Сперва я устремил на нее такой взгляд, которым говорили не только глаза: в него, как в окошко, тревожно и ошеломленно выглядывали все мои чувства, а сам взгляд хотел тронуть, захватить, увести за собой тело, на которое он был направлен, и душу заодно; потом, испугавшись, что сию секунду дедушка и отец заметят девочку и подзовут меня, велят бежать вперед, я бросил на нее второй взгляд, бессознательно умоляющий, который пытался привлечь ко мне ее внимание, познакомить ее со мной!

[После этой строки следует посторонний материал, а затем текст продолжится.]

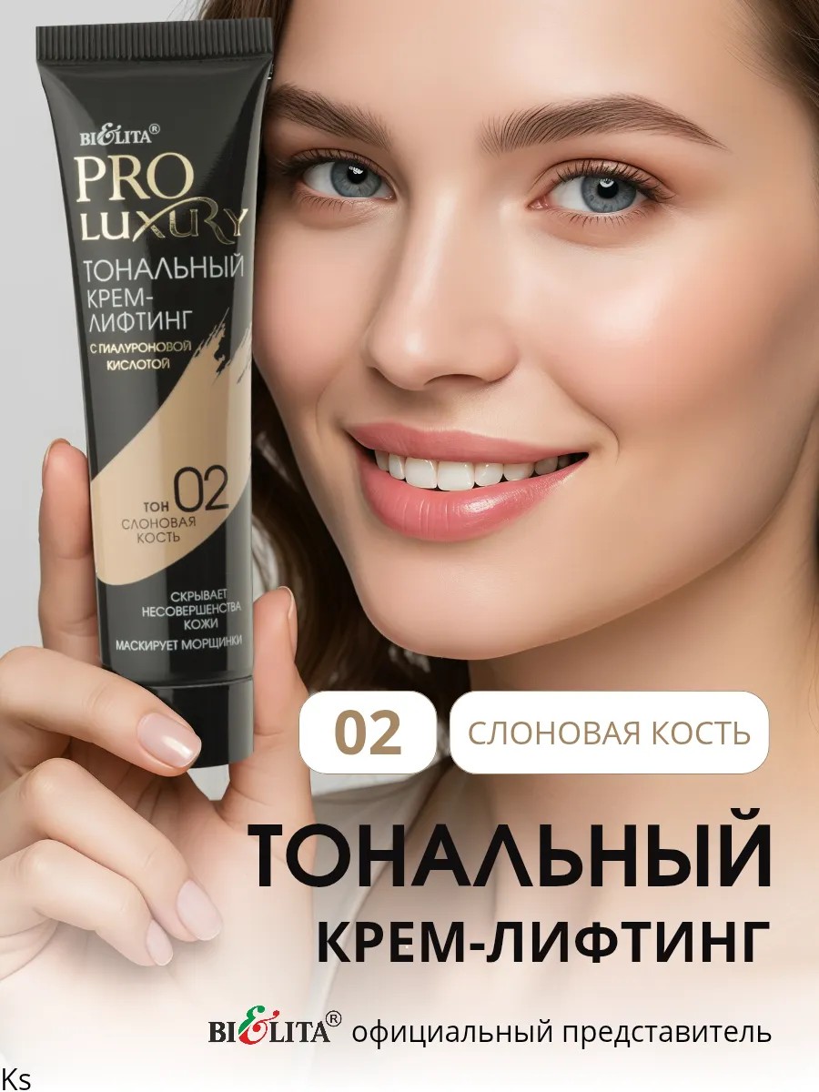 This lifting foundation with hyaluronic acid from the Belarusian brand Bielita combines 100% natural pigments that adapt to your natural skin tone and a complex of active ingredients essential for creating flawless skin. This complex of active ingredients conceals imperfections, evens out skin tone, flawlessly camouflages wrinkles, provides a lifting effect, doesn't create a mask-like effect, doesn't clog pores, doesn't rub off, and won't stain clothing. Ideal for all skin types, it rivals Korean cosmetics. This foundation is a great gift for women who want to look perfect in any situation. Whether it's a party, a date, or just everyday wear, this cream will help you create the perfect makeup and highlight your natural beauty. Apply the lightweight Bielita cream to cleansed skin of your face, neck, and décolleté, and gently massage in. Apply powder for a matte finish. Its camouflaging texture makes it suitable for use under the eyes as a concealer. Belarusian cosmetics foundation is a great gift for girls for New Year's, March 8th, Valentine's Day, and birthdays. It's a perfect complement to a beauty box for any occasion. This lifting foundation is the perfect coverage for your skin: healthy color, freshness, and radiance all day long!

Она стрельнула глазами вперед и вбок, желая составить мнение о дедушке и отце, и, наверное, решила, что мы смешные, потому что отвернулась и с видом безразлично-презрительным стала в сторонку, чтобы ее лицо не попадало в их поле зрения; и пока они, не замечая ее, шли вперед и обгоняли меня, она бросала в мою сторону долгие взгляды, без особого выражения, но пристальные и словно скрывавшие усмешку, — исходя из привитых мне понятий о хорошем воспитании я мог их истолковать только как свидетельство обидного презрения, а рука ее в то же время изобразила неприличный жест, которому в общественном месте по отношению к незнакомому лицу мой маленький кодекс манер давал только одно значение — намеренной дерзости.
— Ну, пошли, Жильберта, что ты там делаешь? — крикнула пронзительным и властным голосом дама в белом, которую я сперва не заметил, а на некотором расстоянии от нее какой-то незнакомый мне господин в тиковом костюме уставился на меня глазами навыкате; и девица, внезапно перестав улыбаться, взяла лопатку и ушла, не обернувшись в мою сторону, с послушным, непроницаемым и замкнутым видом.
Так прошло передо мной имя "Жильберта", данное мне как талисман, чтобы когда-нибудь с его помощью отыскать ту, которую он только что превратил из смутной тени в живую девушку. Так прошло оно, изреченное поверх жасмина и левкоев, острое и свежее, как брызги из зеленого шланга; оно пролетело по зоне чистого воздуха и очертило ее пределы, и напитало ее, и расцветило радугой тайны, окружавшей жизнь девочки, которую звали этим именем счастливцы, что жили и странствовали рядом с ней; и под розовым боярышником на высоте моего плеча обнаружило передо мной самую суть их близости, для меня такой мучительной, — к ней, к тому, чего я не знал в ее жизни, потому что был посторонним.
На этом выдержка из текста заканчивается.